Berdasarkan kajian dampak ekonomi pembangunan IKN Tahap I periode 2022–2024, Kabupaten Penajam Paser Utara (PPU) mencatat pertumbuhan ekonomi sebesar 19,9 persen, tertinggi dan paling signifikan dibandingkan kabupaten/kota lainnya di Kalimantan Timur.
Sementara itu, pertumbuhan ekonomi Kalimantan Timur tercatat 3,7 persen lebih tinggi dibandingkan provinsi lain di Pulau Kalimantan.
Deputi Bidang Perencanaan dan Pertanahan Otorita IKN, Mia Amalia, mengatakan keberhasilan pembangunan IKN tidak hanya diukur dari banyaknya gedung yang berdiri, tetapi juga dari sejauh mana pembangunan tersebut mampu mendorong pertumbuhan ekonomi dan meningkatkan kesejahteraan masyarakat.
”Keberhasilan IKN diukur bukan hanya jumlah gedung, tetapi dampak ekonomi, seberapa besar ekonomi itu tumbuh, dan bagaimana manfaatnya dirasakan masyarakat,” ujar Mia dalam keterangannya, dikutip Minggu (5/7/2026).
Mia menjelaskan, hasil kajian menunjukkan dampak ekonomi tahap awal pembangunan IKN paling besar dirasakan di Kabupaten Penajam Paser Utara sebagai wilayah inti pembangunan.
Pertumbuhan ekonomi di daerah tersebut didorong oleh meningkatnya belanja pemerintah serta lonjakan investasi, dengan sektor konstruksi menjadi salah satu penyumbang utama terhadap struktur Produk Domestik Regional Bruto (PDRB).
Selain itu, pembangunan IKN juga mulai memberikan efek berganda kepada wilayah penyangga melalui meningkatnya kebutuhan barang dan jasa, logistik, transportasi, akomodasi, perdagangan, hingga berbagai sektor pendukung lainnya.
Aktivitas pembangunan di Kawasan Nusantara dinilai mulai memperkuat keterkaitan ekonomi antardaerah di Kalimantan Timur.
Pada Tahap II pembangunan IKN, dampak ekonomi diproyeksikan akan semakin besar.
Tambahan PDRB diperkirakan memberikan kontribusi signifikan terhadap pertumbuhan ekonomi Kabupaten Penajam Paser Utara maupun Provinsi Kalimantan Timur secara berkelanjutan.
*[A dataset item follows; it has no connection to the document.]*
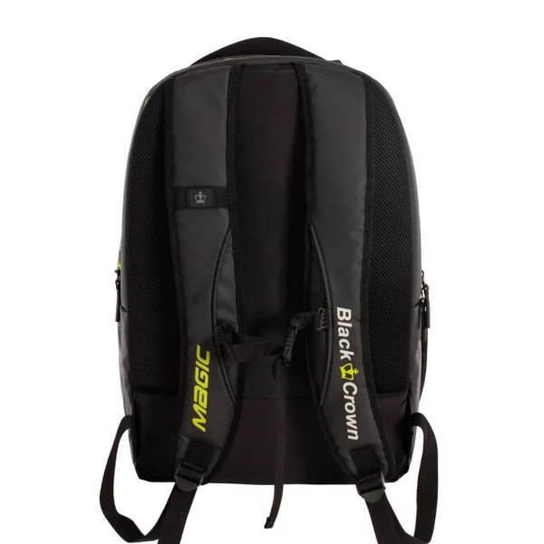 La Mochila Black Crown Magic Negro/Amarillo combina practicidad, comodidad y un diseño deportivo ideal para jugadores de pádel que buscan un transporte ligero y organizado. Con espacio para tu pala, compartimentos adicionales y un ajuste ergonómico, es perfecta para el día a día. Encuéntrala en Muchopadelshop, la tienda líder en productos de pádel de alta calidad.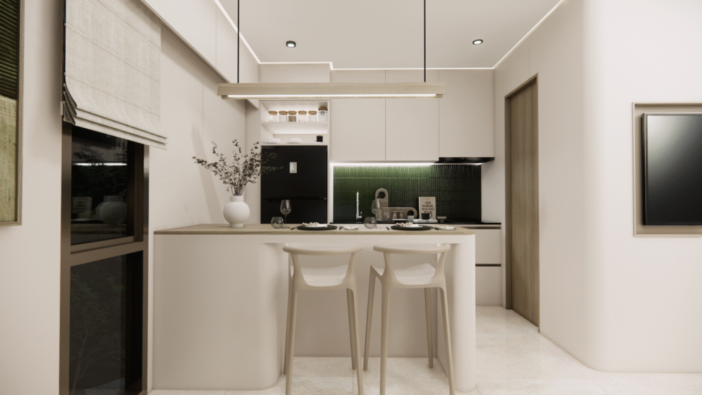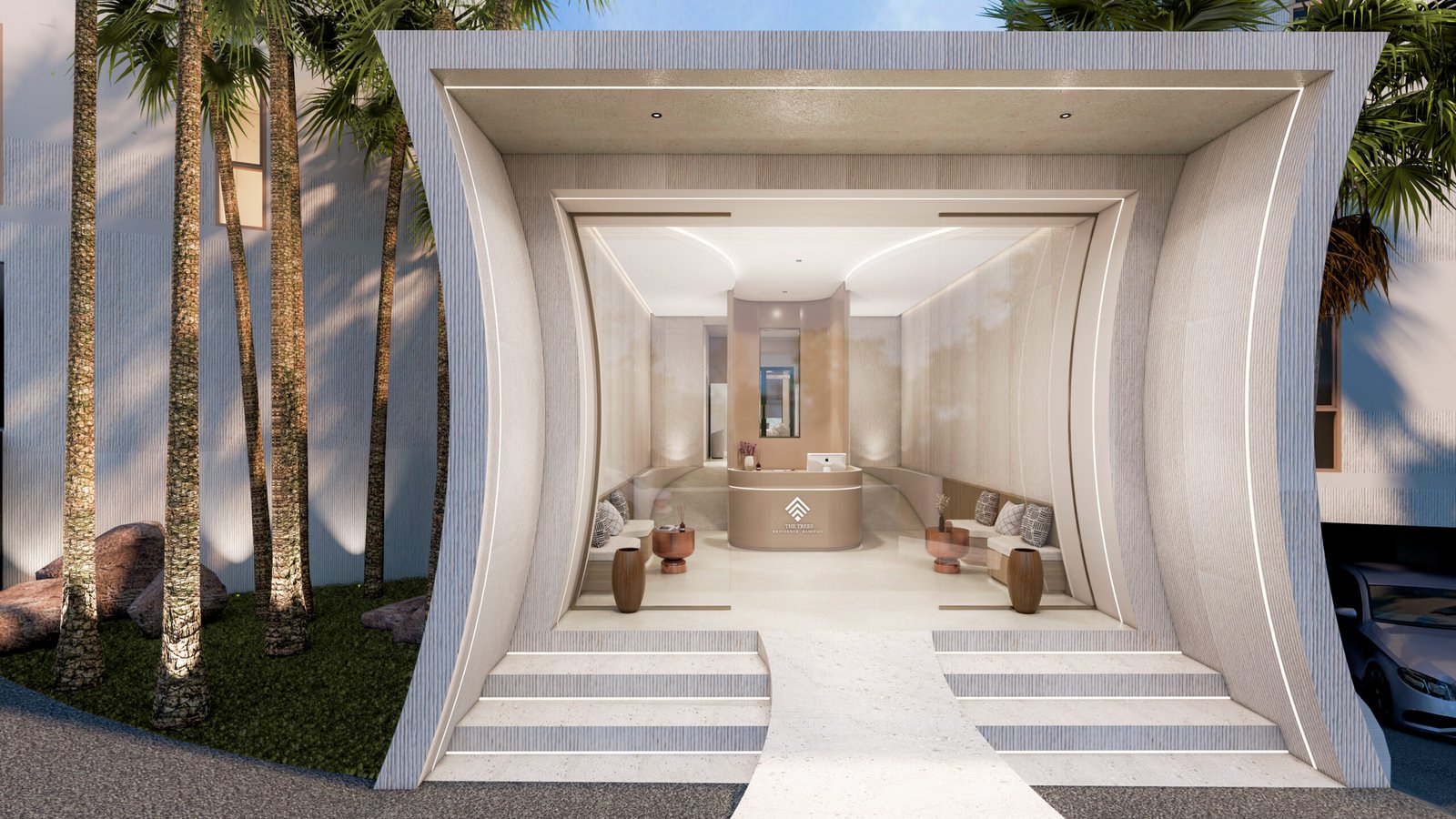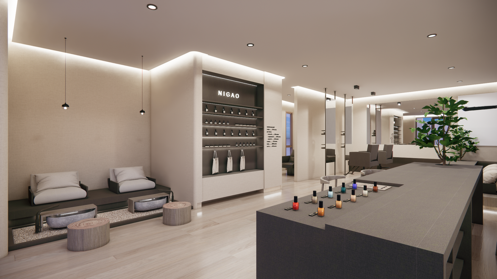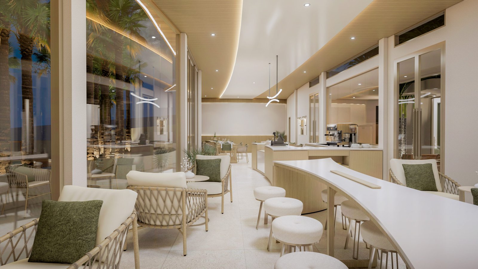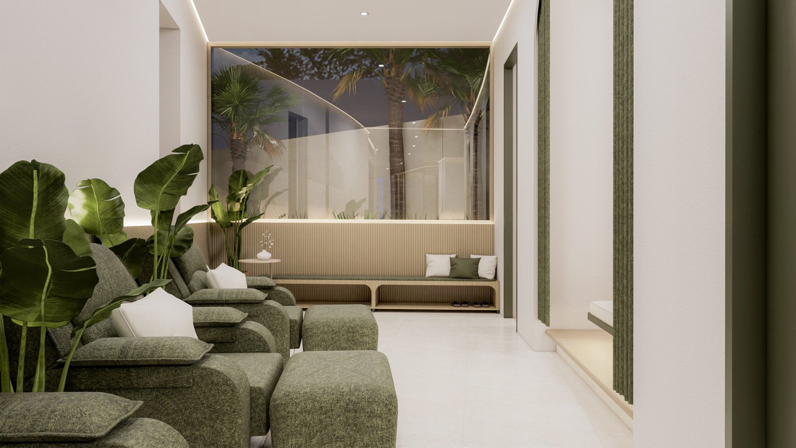 Modern beige tones create a warm, relaxing atmosphere. Bright lighting and an open layout with cozy chairs make for a welcoming and stylish space.

Menurut Otorita IKN, proyeksi tersebut menjadi penting di tengah dinamika ekonomi global sekaligus sebagai bagian dari upaya transformasi ekonomi Kalimantan Timur.
Daerah ini diharapkan mampu beralih dari ketergantungan pada sektor ekstraktif menuju sektor ekonomi yang lebih produktif, bernilai tambah, dan berkelanjutan.
Karena itu, pembangunan IKN ke depan tidak hanya difokuskan pada aktivitas konstruksi, tetapi juga diarahkan untuk memperkuat rantai pasok lokal, meningkatkan kapasitas tenaga kerja, memperbesar keterlibatan pelaku usaha daerah, serta mengembangkan sektor-sektor ekonomi lainnya.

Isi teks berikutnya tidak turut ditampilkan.